Youtu-Agent:通过自动化生成与混合策略优化提升智能体生产力
Youtu-Agent: Scaling Agent Productivity with Automated Generation and Hybrid Policy Optimization
December 31, 2025
作者: Yuchen Shi, Yuzheng Cai, Siqi Cai, Zihan Xu, Lichao Chen, Yulei Qin, Zhijian Zhou, Xiang Fei, Chaofan Qiu, Xiaoyu Tan, Gang Li, Zongyi Li, Haojia Lin, Guocan Cai, Yong Mao, Yunsheng Wu, Ke Li, Xing Sun
cs.AI
摘要
现有大型语言模型(LLM)智能体框架面临两大挑战:高配置成本与静态能力局限。构建高质量智能体往往需要投入大量人工进行工具集成与提示词工程,而已部署的智能体若缺乏昂贵的微调则难以适应动态环境。为解决这些问题,我们提出Youtu-Agent——一个面向LLM智能体自动化生成与持续演进的模块化框架。该框架采用结构化配置系统,将执行环境、工具集与上下文管理解耦,实现灵活复用与自动化合成。我们引入两种生成范式:面向标准任务的工作流模式,以及针对复杂非标需求的元智能体模式,可自动生成工具代码、提示词及配置方案。此外,Youtu-Agent建立了混合策略优化体系:(1)智能体实践模块通过上下文优化使智能体无需参数更新即可积累经验提升性能;(2)智能体强化学习模块对接分布式训练框架,支持任意Youtu-Agent以端到端、大规模方式进行可扩展的稳定强化学习。实验表明,Youtu-Agent在WebWalkerQA(71.47%)和GAIA(72.8%)基准上使用开源权重模型达到领先水平。我们的自动化生成管道工具合成成功率超81%,实践模块将AIME 2024/2025任务性能分别提升2.7%和5.4%。智能体强化学习训练在7B参数LLM上实现40%加速且性能稳定提升,在数学与通用/多跳问答基准上分别将代码推理和搜索能力最高提升35%和21%。
English
Existing Large Language Model (LLM) agent frameworks face two significant challenges: high configuration costs and static capabilities.
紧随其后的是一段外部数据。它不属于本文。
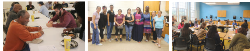
Left to Right: Neighborhood Community Meeting, Student U Parent Meeting, Full-time Staff Meeting

Over the past two years, we have held a number of community meetings to create a collective vision for W.G. Pearson. Our hope is for W.G. Pearson to be a welcoming space for students, families, neighbors and community organizations.
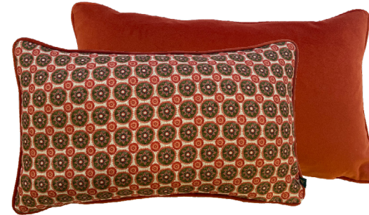
ONIKA GREEN 30 X 50 CM
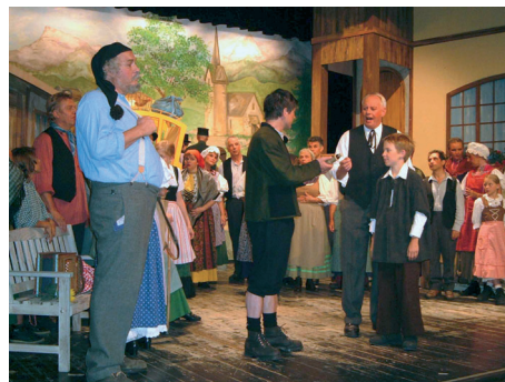
Scene from „Fidelen Bauer“, performed by the drama group Root

CVP, JCVP: Christian Democratic Party SVP, JSVP: Swiss People's Party AS: Active Senior Citizens Green, JG: Green Party FDP: Free Democratic Party 60plus: 60plus SP: Social Democratic Party
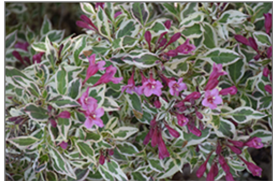
My Monet Weigela flowers

My Monet Weigela is recommended for the following landscape applications;
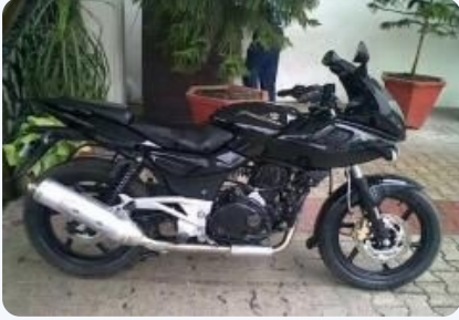
Bajaj Pulsar 220F 2016
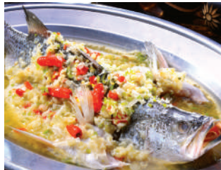
SE13 Steamed Seabass with Spicy Lemon Sauce 泰式香辣柠檬蒸金目鲈 $24.90
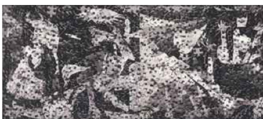
VIK MUNIZ (BRAZILIAN B. 1961) GUERNICA AFTER PABLO PICASSO (GORDIAN PUZZLES) CHROMOGENIC PRINT EXECUTED IN 2009 ESTIMATE: $60,000 – 80,000
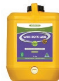
WIRE ROPE LUBE An industrial cable lubricant.
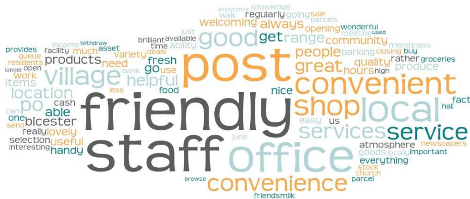
Figure 1 - Shop Opinion Survey Comments

Weston SOS Limited is seeking to raise money through this community share offer to purchase the Weston Pantry Shop and Post Office from its current owner and bring it into community ownership. We believe this will secure its long-term future as an invaluable asset to residents and businesses of Weston-on-the-Green and the surrounding area.
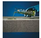
Acid resistant / chemical resistant
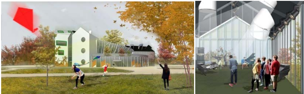
Figure 5. The new format CPE institution:Space for Finding Your Life's Purpose

Space for Finding Your Life's Purpose is the CPE institution of new format design experiment that was developed in order to confirm the effectiveness of architectural neurotransmitters. (Figure 5)
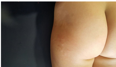
Figure 1 Clinical image. Skin of the lower trunk, hip, and right buttock, with plaques with a mammillated surface, indurated to touch, with no changes in color or hair follicle loss.

Blood work up and C reactive protein were normal, and antinuclear antibodies, anti-DNA, and anti-ENA were negative.
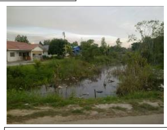
Aquatic lives are also affected by the irresponsible act of littering and dumping rubbish

Building a high-quality agent often requires extensive manual effort in tool integration and prompt engineering, while deployed agents struggle to adapt to dynamic environments without expensive fine-tuning. To address these issues, we propose Youtu-Agent, a modular framework designed for the automated generation and continuous evolution of LLM agents. Youtu-Agent features a structured configuration system that decouples execution environments, toolkits, and context management, enabling flexible reuse and automated synthesis. We introduce two generation paradigms: a Workflow mode for standard tasks and a Meta-Agent mode for complex, non-standard requirements, capable of automatically generating tool code, prompts, and configurations. Furthermore, Youtu-Agent establishes a hybrid policy optimization system: (1) an Agent Practice module that enables agents to accumulate experience and improve performance through in-context optimization without parameter updates; and (2) an Agent RL module that integrates with distributed training frameworks to enable scalable and stable reinforcement learning of any Youtu-Agents in an end-to-end, large-scale manner. Experiments demonstrate that Youtu-Agent achieves state-of-the-art performance on WebWalkerQA (71.47\%) and GAIA (72.8\%) using open-weight models. Our automated generation pipeline achieves over 81\% tool synthesis success rate, while the Practice module improves performance on AIME 2024/2025 by +2.7\% and +5.4\% respectively. Moreover, our Agent RL training achieves 40\% speedup with steady performance improvement on 7B LLMs, enhancing coding/reasoning and searching capabilities respectively up to 35\% and 21\% on Maths and general/multi-hop QA benchmarks.